The Republic is also attractive from a customs and trade perspective. “Ireland has proved to be a stepping stone to Europe for many US companies looking to expand their sales into the EU Single Market, with its approximately 460 million customers,” says Carol Lynch, partner in BDO’s customs and international trade services department.

Importing into the EU on a member state by member state basis can be a complex operation, with 27 different customs authorities, 27 customs systems and a myriad of languages and brokers to contend with.
“Using Ireland, however, as a first step into Europe allows companies to import into one member state, clear customs here in Ireland, and then have full access to the EU without further customs requirements,” Lynch points out. “Internally VAT may still need to be accounted for, but this simplifies the process.”

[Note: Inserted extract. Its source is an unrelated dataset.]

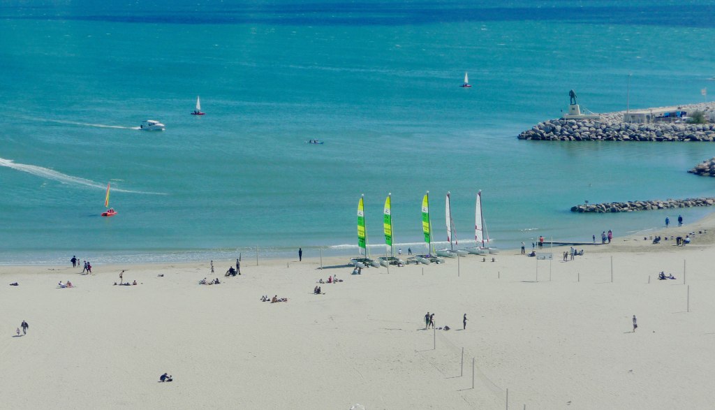 The sprawl of apartment buildings that is a backdrop to the beach either side of the centre is not especially handsome but the little harbour is attractive and from the small concrete pier are some good views of the town and across the bay to La Grande Motte.   And as I said, the good stretch of sandy beach is an ideal spot for families and couples to enjoy the facilities on offer.

Indeed, it is about to become even simpler in coming years as the EU focuses on a single customs clearance system which will allow companies to physically import into any member state but make one customs declaration through their head office.
“Therefore, for companies established in Ireland, the logistical operation may become easier notwithstanding, again, import VAT requirements,” says Lynch.

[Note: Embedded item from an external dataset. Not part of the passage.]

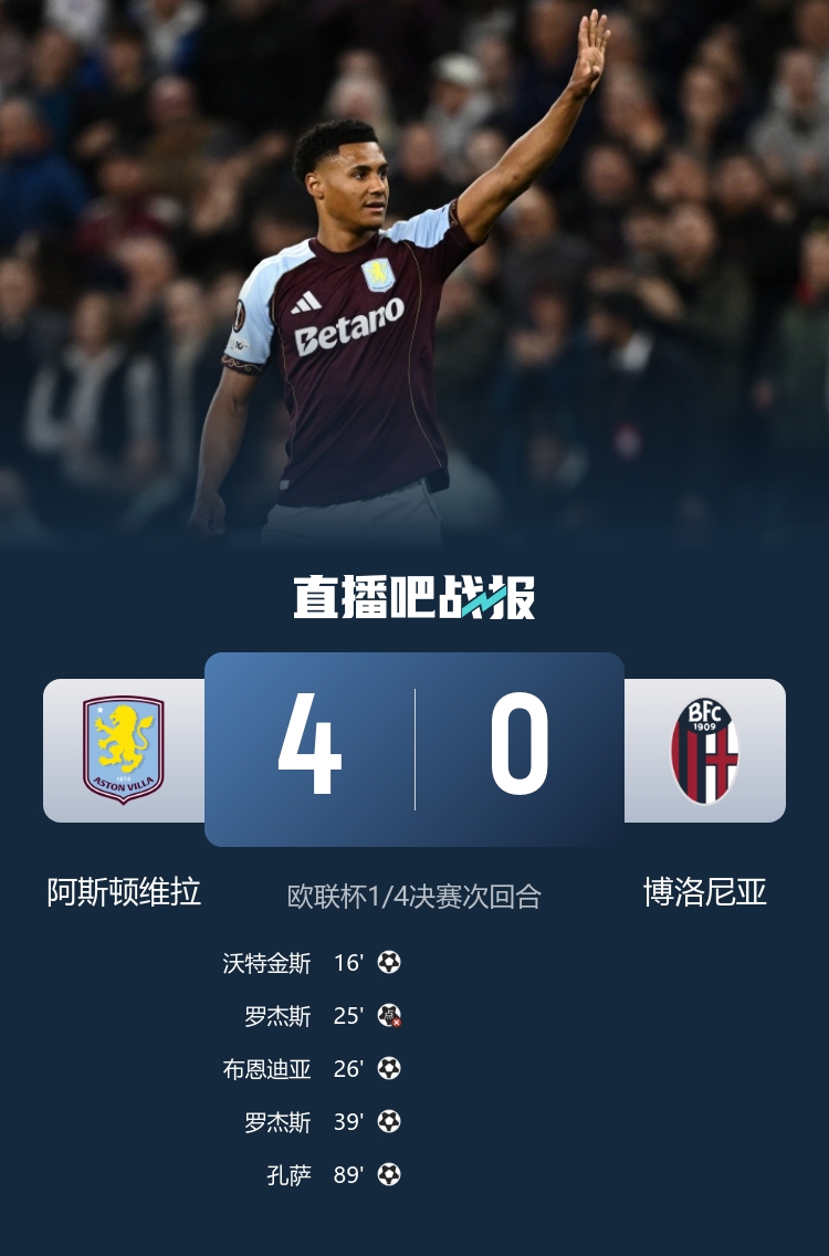 在4月17日的欧联杯1/4决赛次回合中,阿斯顿维拉在主场维拉公园球场迎战博洛尼亚。首回合,维拉以3-1占据优势。本场比赛的进展顺利,维拉表现出色,以4-0的比分战胜博洛尼亚,总比分7-1顺利晋级半决赛,接下来将对阵诺丁汉森林。

Along with access to the Continent, Ireland is also ideally placed as an access point for sales into Britain, she points out.
“Added to this is the fact that Europe increasingly demands a company have a presence in Europe to access the market. Without such a presence it is almost impossible to engage a clearance agent to act on your behalf. If you are not established here, then the clearance agent has to take on joint and several liability which is not something most agents will do.”
Along with this there is, in many industries, a requirement for an EU representative to ensure compliance with EU health and safety requirements. For example, to import beauty products into the bloc you will need a “responsible person”, with an EU address, who must maintain at their address the relevant product safety files.
Finally come all the various EU regulations around sustainability and the import requirements relating to CBAM – the EU’s carbon border adjustment mechanism – deforestation and packaging laws.
“Again, it is easier to deal with one country on those issues and, in particular for US companies, an English-speaking country,” says Lynch.
“Ireland has as a result built a strong reputation as a leading jurisdiction in which to scale internationally. Ease of doing business, political stability, EU and euro zone membership and a highly educated, flexible and productive talent pool, alongside a favourable tax regime, tend to be the areas that score highly in any international comparisons that are conducted.
“Familiarity of language, laws and local customs can go a long way to making a success of doing business internationally.”